У родителей была большая по меркам смоленских инженеров библиотека, и я сызмальства к ней тянулся – и дотягивался. Книжных любовей лет в 12 нарисовалось две.
Одна публичная – «Похождения бравого солдата Швейка», откуда я шпарил вслух особо забористые куски, когда к нам приходили гости. Недавно перечитал по надобности – и вновь остался доволен: лучшего пособия по актуальному искусству включать дурака с целью выжить, кажется, нет. Вторая была запретной – по случаю раздобытый папой фундаментальный трехтомный нон-фикшен «Мужчина и женщина» 1911 года издания (именно его на правах самого святого спасает из пожара Васисуалий Лоханкин).
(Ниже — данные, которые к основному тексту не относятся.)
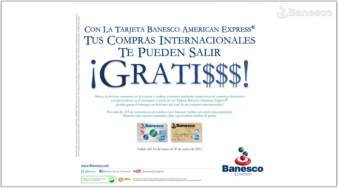 Promoción de la tarjeta de crédito American Express de Banesco Banco Universal, que consiste en que por cada consumo de 215 bolívares, desde el 16 de mayo al 30 de junio de 2011, participas por el reintegro en bolívares del total de tus compras.
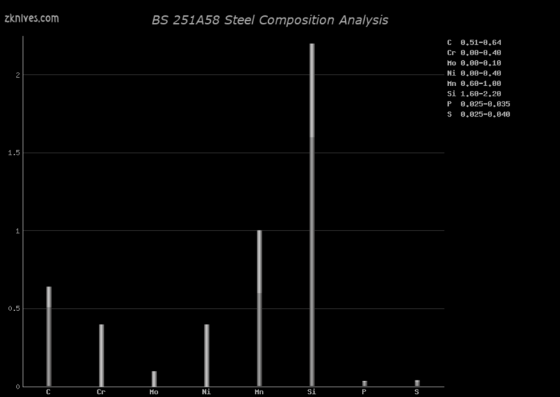 251A58(BS) - 合金结构钢。非常纯净的合金,用于剑,有时也用于刀。刀具的可达到硬度相对较低,仅为 ~56HRC。由于硅含量高,对锻造不是很友好。

Читать (как, думаю, и Васисуалий) я «МЖ» особо не читал, но вдумчиво просматривал – первый том был обильно иллюстрирован голыми тетеньками. В становлении нынешнего юношества ту же образовательную функцию выполняют порносайты. Когда бываю у родителей, мы с этими томами переглядываемся со стыдливой нежностью.
Чуть позже – и тоже навсегда – полюбил «Имя розы» Умберто Эко. В продаже книги не было, и я читал ее в трех номерах «Иностранки» в библиотечном отделе грампластинок. Прочел раз, прочел два – а потом тихонько притырил: судя по квитку с датами выдачи, других охотников на Эко не водилось. Вообще любовь к книжкам имела криминальный флер. Помню, работал грузчиком в книжной фирме. Хитами продаж были «Богатые тоже плачут», «Эммануэль», «Утро без рассвета» Эльмиры Нетесовой (суровое про зону) и «История О». И вдруг в репертуар затесалась взятая на торговую пробу бежевая брошюрка с человеком и котом на обложке. Такой плохого не напишет, решил я и сунул книжку за пазуху. Это было первое, по-моему, советское издание Бродского, выпущенное таллинским «Ээсти Раамат». И опять приключилась любовь, несколько охолонувшая с годами, но на всю жизнь.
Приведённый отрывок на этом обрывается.